The Trickster and Prank take a bunch of new hostages and stage a game show they call “Wheel of Misfortune.” They give Stretchy Guy an ultimatum to turn himself over to them or they’ll start playing, and the rules of the game all end with the hostages getting doused by axid. To demonstrate, they melt a Beebo doll (a joke carried over from ‘Legends of Tomorrow’). Too cowardly to help anyone anymore, Ralph refuses to face the Trickster again, even after Cisco offers him a much cooler suit to replace the ugly one he’d been wearing.

Instead, Ralph sneaks into Barry’s cell at Iron Heights and begs him to break out and take care of the Trickster. Barry turns him down. He’s determined to play by the rules until he can be legitimately exonerated. He does give Ralph a pep talk about the difficulties of being a hero, though.

Cisco and Killer Frost try to confront the Trickster and Prank while Harry works on a chemical agent to neutralize the axid. They get tricked by some flying Beebos and are caught by the baddies. Fortunately, Ralph puts on his new suit and comes to their rescue. In order to save them, he sacrifices himself to shield them from the axid. Of course, Harry neutralizes the axid just in the nick of time and Ralph isn’t hurt by it at all.

Axel and his mom get arrested but vow to break out of prison again. Ralph is interviewed on the news again and inadvertently gives himself the nickname “The Elongated Man.” He hates it at first and moans that, “It’s so literal!” Cisco, Caitlin and Harry talk him into learning to live with it.

In an epilogue scene, the strange nervous girl who appeared as a waitress at Barry and Iris’ first wedding attempt shows up at Jitters writing bizarre symbols into a notebook. I still suspect that she’s from the future and knows everybody’s secret identities.

Episode Verdict

I get that the Dibny character is supposed to be an obnoxious ass, but most of this season has overplayed the joke and made him simply annoying. The prospect of watching a Dibny-focused episode didn’t fill me with a lot of confidence. Remarkably, it’s quite fun. The story uses the character’s abrasiveness to good advantage and forces him to become a more tolerable person. While the lesson-learning may be a bit heavy-handed, it doesn’t detract from the entertainment.

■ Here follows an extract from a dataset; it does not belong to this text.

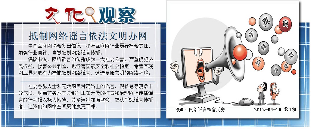 [提要] 當前各地有關部門正在開展打擊和治理網上傳播謠言的行動,法律工作者認為,互聯網上發表言論同現實生活中發表言論在法律責任的承擔上是一致的,網絡雖然是一個虛擬世界,但在這個虛擬世界內散布謠言觸犯了法律,也要承擔相應的法律責任。

The stuff with Barry in prison is a lot duller. Mopey Barry is the least interesting Barry. I guess it’s a good thing that he takes a backseat for most of this episode.

1 comment

  1. Guy

    We’re opposites on this one. They couldn’t get back to prison scenes fast enough for me. Not that I found them overly compelling (though I liked Barry’s subtle use of speed in the Big Sir rescue), but prison scenes didn’t feature two actors in their 30s overacting characters that are already written to behave like teenagers. Whiny manchild Trickster vs. cocky jerk manchild Ralph in the street was a brutal sequence.

    And that fight ended with my biggest pet peeve about the show these days: they continually have Cisco show up to a situation he can easily handle himself only to pull another hero through a breach, leaving the villain be. I understand taking the training wheels off by letting Ralph try flying solo, but after that failed, all Cisco had to do against a non-powered, relative lightweight like Trickster was breach him directly into a cell at Iron Heights before he even realized Vibe was there. Instead, the script has Cisco leave the psycho killer with an acid gun in the middle of the street to continue terrorizing as he pleases because Ralph got an ouchie on his knee. It’s bad writing. It’s the kind of scripting that fails to account for a living world on the other sides of action and cut.